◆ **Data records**

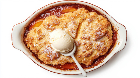 Over time, peach cobbler evolved into the beloved dish we know today—juicy peaches baked beneath a buttery, golden crust, often served warm with a scoop of vanilla ice cream.
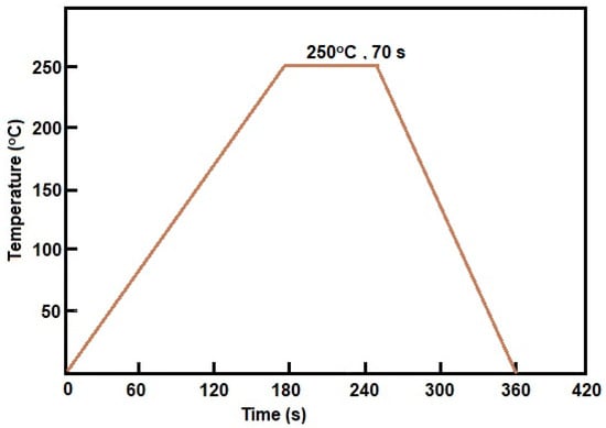 The wetting of the milled powders was calculated by the area spread ratio technique. The milled Sn-0.7Cu powders were reflowed over the metallic Cu substrates at 250 °C for 70 s. The reflow profile adopted for the spread ratio measurements is shown in Figure 5.
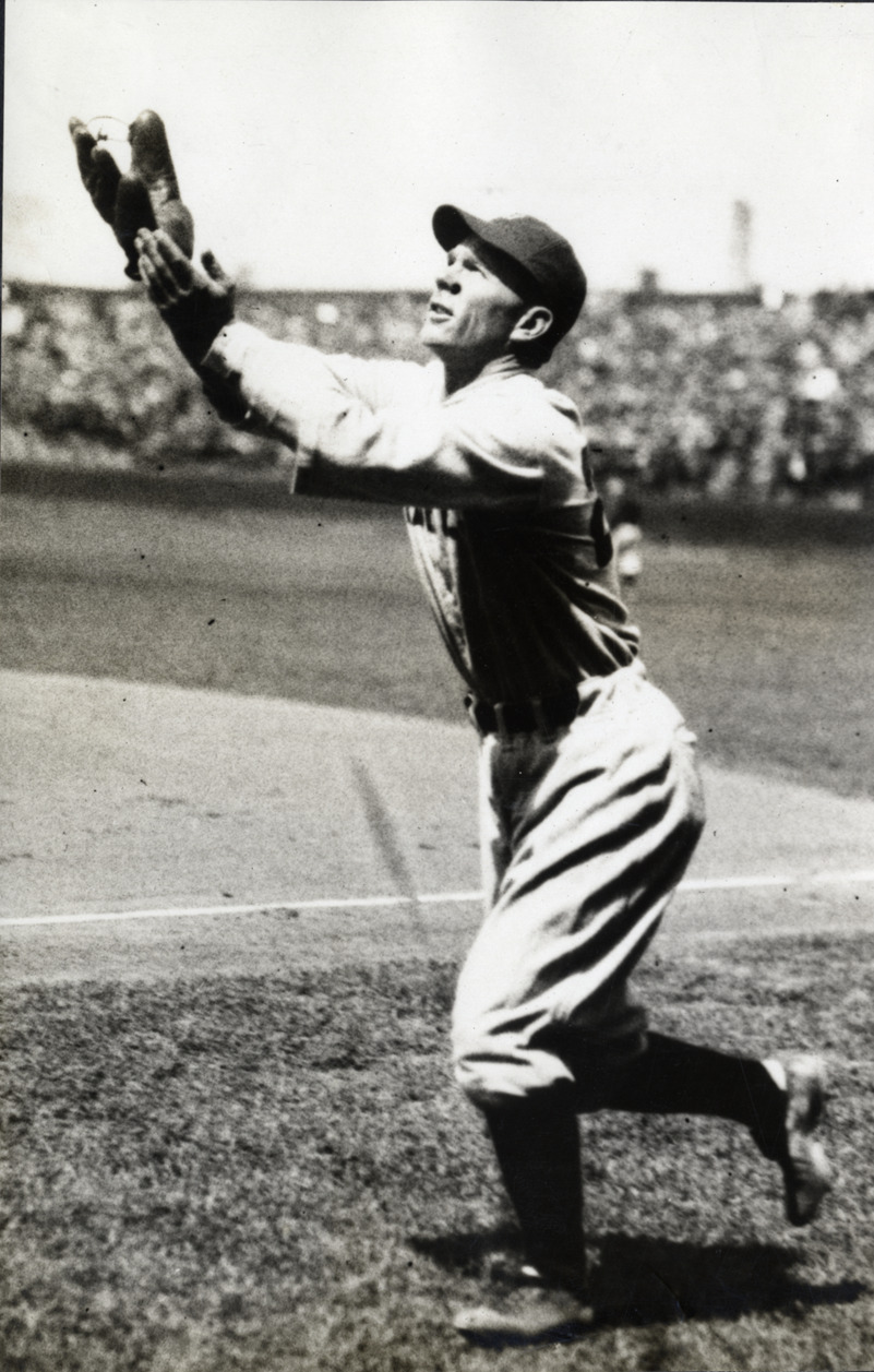 Portrait of Cedric Durst, baseball player for the New York Yankees, reaching for a fly ball. Typed on label: "Credic Durst [sic], Yankees, 1927."
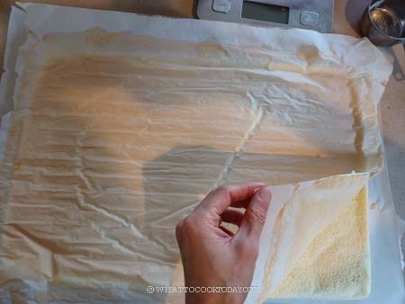 - Remove the cake from the oven and then lift it out from the pan immediately to a cooling rack and peel off the parchment paper from 4 sides. Let it cools down like this for 5-6 minutes
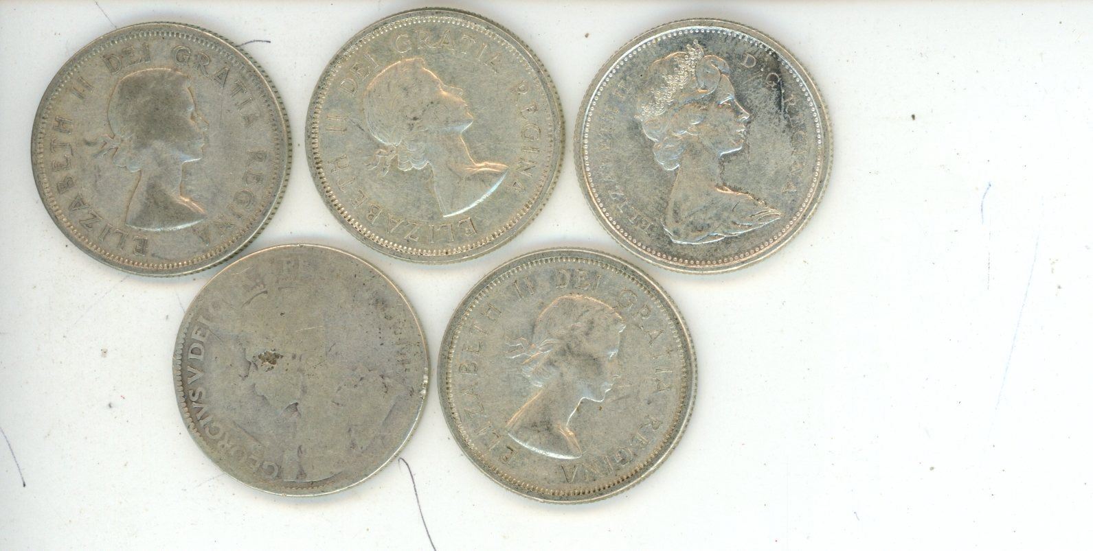 5 silver Canadian Quarters -1959,1964,1867-1965 cougar
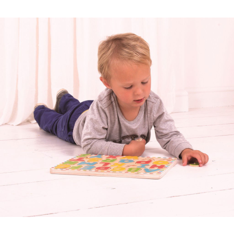 Bigjigs készségfejlesztő játék fa angol ABC nagy betűk formák képekkel
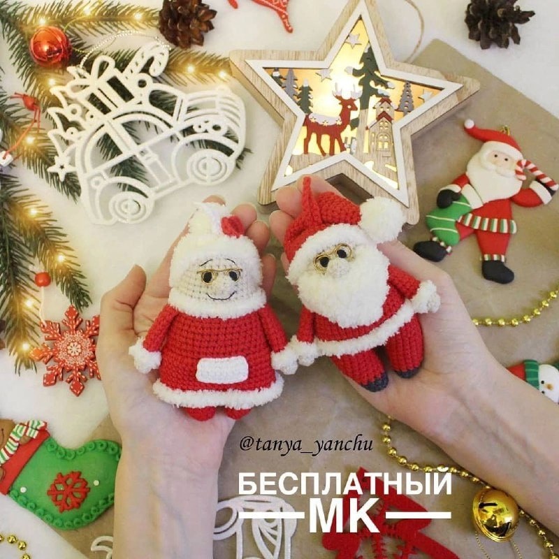 Материалы Мистер Клаус Ручки 2шт Начинаем вязать бежевым цветом. Деталь не набиваем 1р. 6сбн в КА 2р. (сбн, пр)*3 - 9 3-4р. 9сбн Меняем на красный 5р. За зп 9сбн 6-11р. 9сбн Сложить ручку пополам и провязать за обе стенки детали 4сбн. Нить закрепить, обрезать, оставить длинный конец для пришивания детали. Присоединить к оставшимся полупетлям 4 ряда пряжу Softy белого цвета и провязать 9сбн, закончить вязание сс, нить закрепить и спрятать в детальке, Ножки 2шт Начинаем вязать черным цветом 1р. 6сбн в КА 2р. (сбн, пр)*3 - 9 3р. пр, 8сбн - 11 Меняем нить на красную 5р. пр, 10сбн - 12 6р. пр, 11сбн - 13 7р. пр, 12сбн - 14 8р. пр, 13сбн - 15 9р. пр, 14сбн - 16 10р. 11сбн, сс Нить закрепить, обрезать, спрятать кончики в детальке. У второй ножки сс в конце не провязываем, а вяжем 2вп и присоединяем в соединительный столбик первой ножки сбн. Тело-голова 11р. 16сбн по 1-й ноге, 2сбн по вп, 16сбн по 2-й ноге, 2сбн по вп - 36 12р. (5сбн, пр)*6 - 42 13-16р. 42сбн 17р. За зп 42сбн 18р. 42сбн 19р.
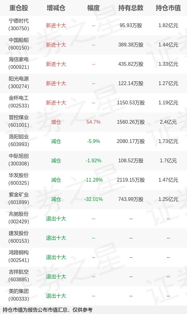 证券之星消息,4月22日海富通基金旗下周雪军管理的海富通改革驱动灵活配置混合型基金公布一季报,近1年净值增长率-12.41%。与上一季度相比,该基金前十大重仓股新增宁德时代中国船舶,海信家电,阳光电源,金杯电工;并对晋控煤业增仓551.67万股,为该基金第一大重仓股;兆驰股份,建发股份,鸿路钢构,吉祥航空美的集团等退出前十大重仓股;详细数据如下:
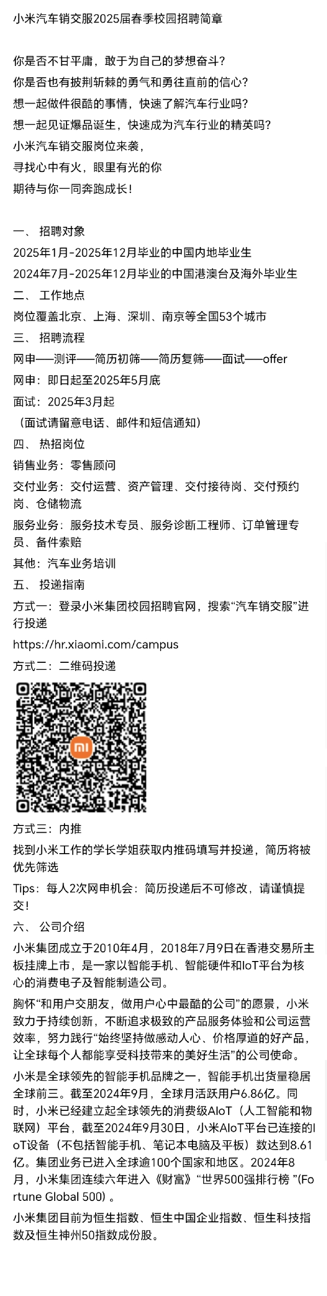 招聘 小米汽车销交服2025届春季校园招聘简章

◆ **REQUIRED WORK**
Each entry above must come back exactly as written. Drop the images.

◆ **ANSWER SECTION**
 Over time, peach cobbler evolved into the beloved dish we know today—juicy peaches baked beneath a buttery, golden crust, often served warm with a scoop of vanilla ice cream.
 The wetting of the milled powders was calculated by the area spread ratio technique. The milled Sn-0.7Cu powders were reflowed over the metallic Cu substrates at 250 °C for 70 s. The reflow profile adopted for the spread ratio measurements is shown in Figure 5.
 Portrait of Cedric Durst, baseball player for the New York Yankees, reaching for a fly ball. Typed on label: "Credic Durst [sic], Yankees, 1927."
 - Remove the cake from the oven and then lift it out from the pan immediately to a cooling rack and peel off the parchment paper from 4 sides. Let it cools down like this for 5-6 minutes
 5 silver Canadian Quarters -1959,1964,1867-1965 cougar
 Bigjigs készségfejlesztő játék fa angol ABC nagy betűk formák képekkel
 Материалы Мистер Клаус Ручки 2шт Начинаем вязать бежевым цветом. Деталь не набиваем 1р. 6сбн в КА 2р. (сбн, пр)*3 - 9 3-4р. 9сбн Меняем на красный 5р. За зп 9сбн 6-11р. 9сбн Сложить ручку пополам и провязать за обе стенки детали 4сбн. Нить закрепить, обрезать, оставить длинный конец для пришивания детали. Присоединить к оставшимся полупетлям 4 ряда пряжу Softy белого цвета и провязать 9сбн, закончить вязание сс, нить закрепить и спрятать в детальке, Ножки 2шт Начинаем вязать черным цветом 1р. 6сбн в КА 2р. (сбн, пр)*3 - 9 3р. пр, 8сбн - 11 Меняем нить на красную 5р. пр, 10сбн - 12 6р. пр, 11сбн - 13 7р. пр, 12сбн - 14 8р. пр, 13сбн - 15 9р. пр, 14сбн - 16 10р. 11сбн, сс Нить закрепить, обрезать, спрятать кончики в детальке. У второй ножки сс в конце не провязываем, а вяжем 2вп и присоединяем в соединительный столбик первой ножки сбн. Тело-голова 11р. 16сбн по 1-й ноге, 2сбн по вп, 16сбн по 2-й ноге, 2сбн по вп - 36 12р. (5сбн, пр)*6 - 42 13-16р. 42сбн 17р. За зп 42сбн 18р. 42сбн 19р.
 证券之星消息,4月22日海富通基金旗下周雪军管理的海富通改革驱动灵活配置混合型基金公布一季报,近1年净值增长率-12.41%。与上一季度相比,该基金前十大重仓股新增宁德时代中国船舶,海信家电,阳光电源,金杯电工;并对晋控煤业增仓551.67万股,为该基金第一大重仓股;兆驰股份,建发股份,鸿路钢构,吉祥航空美的集团等退出前十大重仓股;详细数据如下:
 招聘 小米汽车销交服2025届春季校园招聘简章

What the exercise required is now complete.